Но дверь заскрежетала задвижками изнутри снова — Крутаков мотнул ей головой: прячься мол — и через миг уже завернул к ней за угол и сам, с двумя запотевшими изнутри, надышанными горячим тестом, целофановыми пакетами.
Свежевыпеченные круглые булочки, с крошечной капелькой красного повидла в центре — и все залитые по краям каким-то липким сладким сиропом (так что перемазанными моментально оказались сразу все пальцы), обжигали и руки, и губы.
— Ррра-а-азанчики! — гордо прокомментировал Крутаков — перед тем как жадно отправить первую булку в рот.
Внутри булочки казались чуть сыроватыми — но от этого были еще вкуснее.
Машин почти совсем не было.
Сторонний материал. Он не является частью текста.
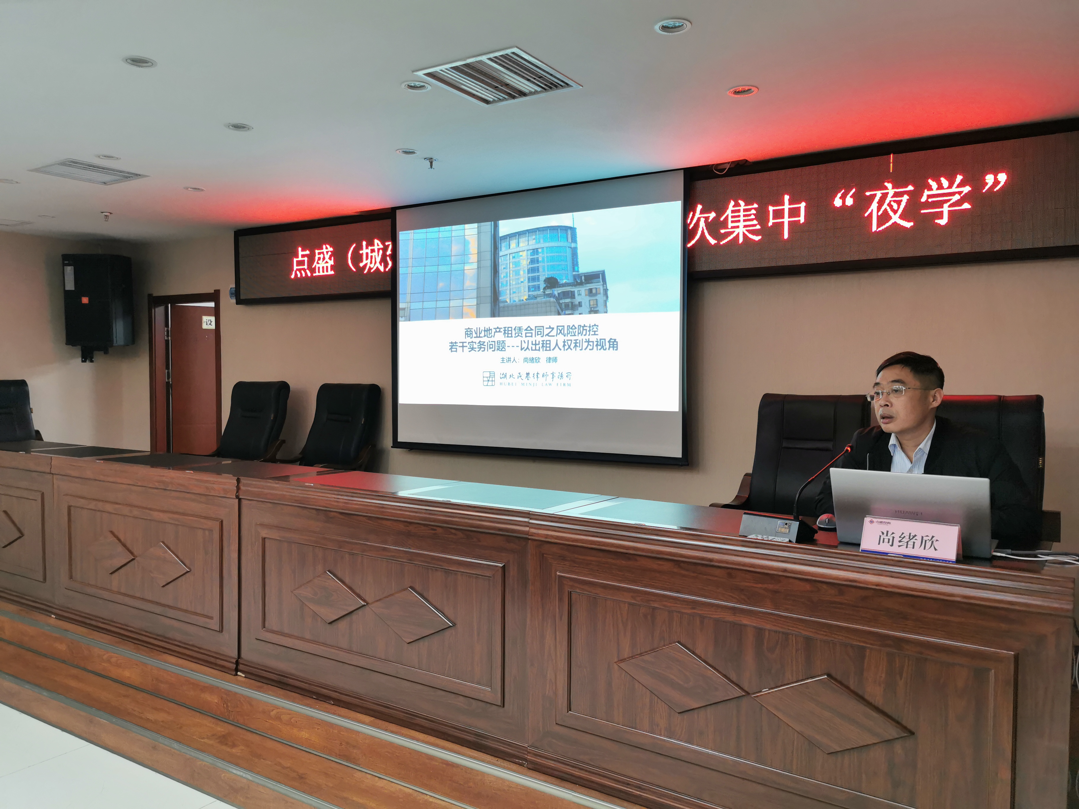 尚緒欣律師以《商業(yè)地產(chǎn)租賃合同之風(fēng)險(xiǎn)防控若干事務(wù)問(wèn)題——以出租人權(quán)力為視角》為題,通過(guò)詳細(xì)講解風(fēng)險(xiǎn)防控管理的31個(gè)風(fēng)險(xiǎn)點(diǎn),進(jìn)一步提高了員工法律知識(shí)儲(chǔ)備和學(xué)法用法的能力。
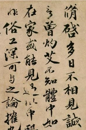 3、相交式。书法意象通过“穿插”和“缠绕”可以塑造第三种“意象”,这就是相交式。书法家往往借线条的穿插增加顾盼的情趣,体现揖、让的礼仪,王羲之《丧乱帖》“酷甚”二字的穿插,错落有致,王徇《伯远帖》单字在行间摆动,与下一行穿插,更显出左右相得的趣味。书法线条的缠绕可以造成一泻而下的“意象”。王献之《中秋帖》“中秋不复不得”等多字连写,米芾《张季明帖》中“气力复何如也”六字连书,势如长江大河,滚滚而下,表现了一种崇高的“境界”。
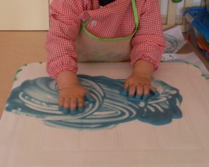 Explorámos digitinta azul, que além de ser uma atividade sensorial tão importante na nossa idade, também nos ajuda a estimular a habilidade e agilidade manual.
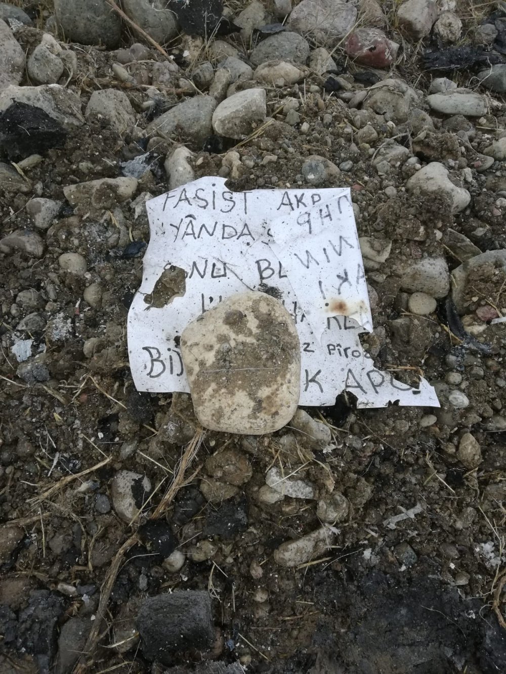 Araçların yakınında bulunan ve uçmaması için taşla sabitlenen pusulada PKK ve Apo isimlerinin yer aldığı görüldü.
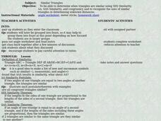 Junior geometers use hands-on manipulatives to explore and describe the properties and attributes of a fundamental polygon, the triangle. They learn different kinds of angles and their measurements. This well-written lesson plan provides...
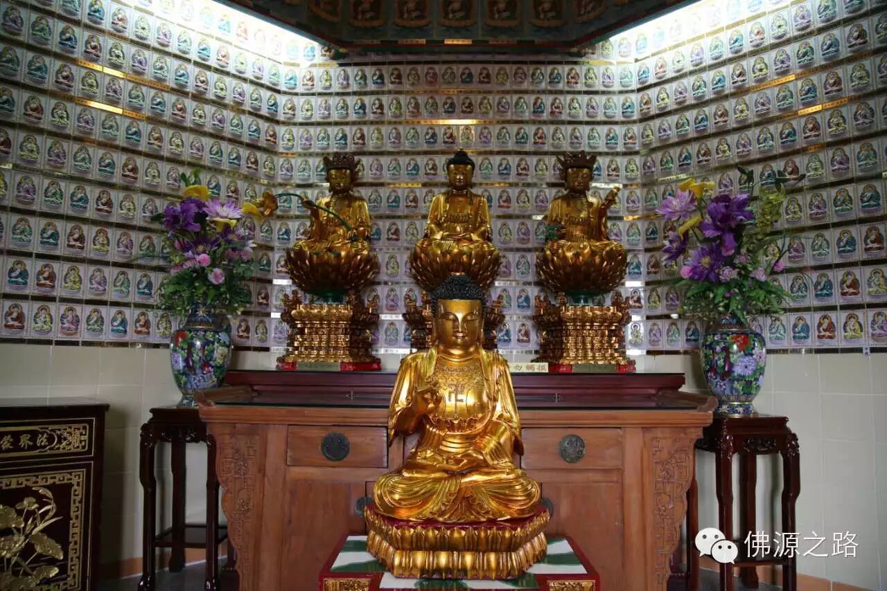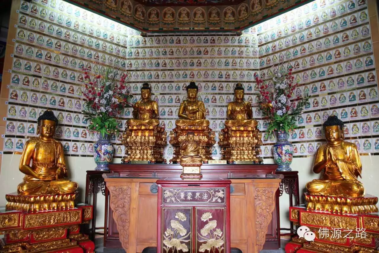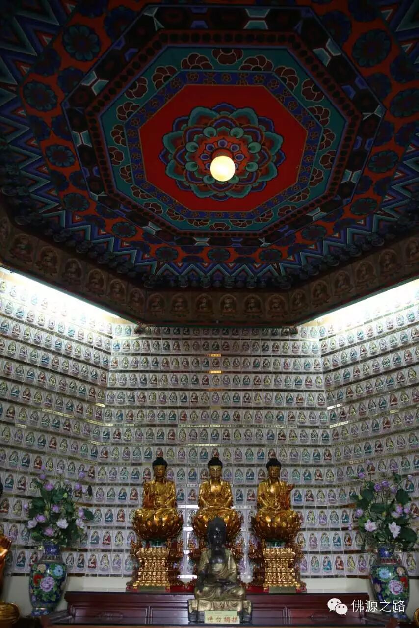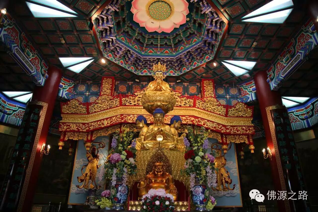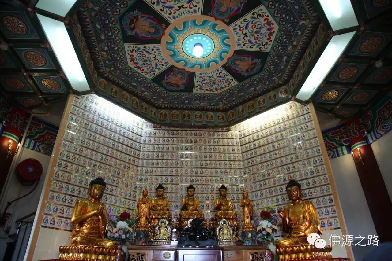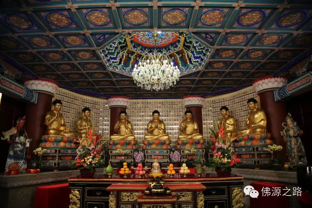 法堂底层为玉佛殿:中央供奉释迦牟尼玉佛,四周围绕十八罗汉,后面供奉七如来。
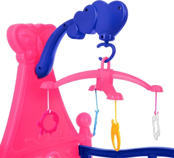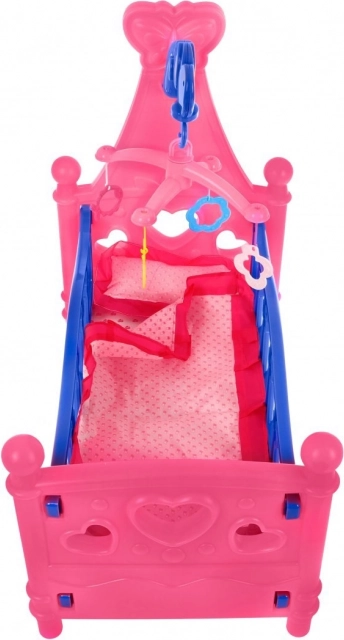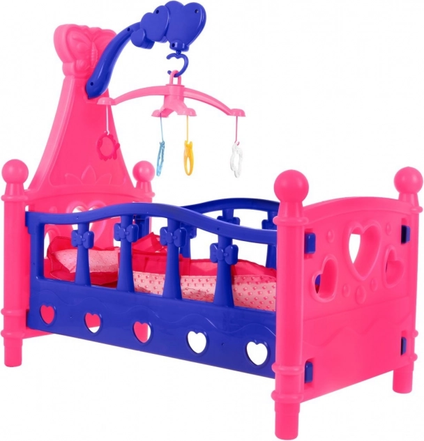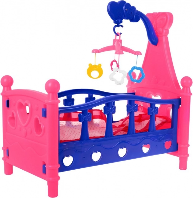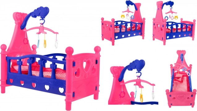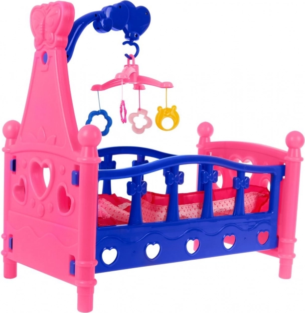Ta otroška posteljica za punčke je odličen dodatek vsaki otroški sobi. Izstopa z veselo rožnato-modro kombinacijo, srčkastimi izrezi in funkcionalnim kolovrátom z barvitimi obeski. Priloženi so tudi tekstilna vzmetnica, blazinica in odeja, da lahko najljubša punčka udobno zaspi.

Зато, как только зашагали вниз, к Пушкинской, по обочине бульвара, откуда ни возьмись выползли два красных майских жука — поливальные машины — с веселыми водителями, явно охотившимися за ночными пешеходами — от одного еще можно было сбежать, шарахнуться в переулок, но ехали они быстро, подобрались тихо, удало, один за другим — и окатили водой и Елену и Крутакова с ног до головы.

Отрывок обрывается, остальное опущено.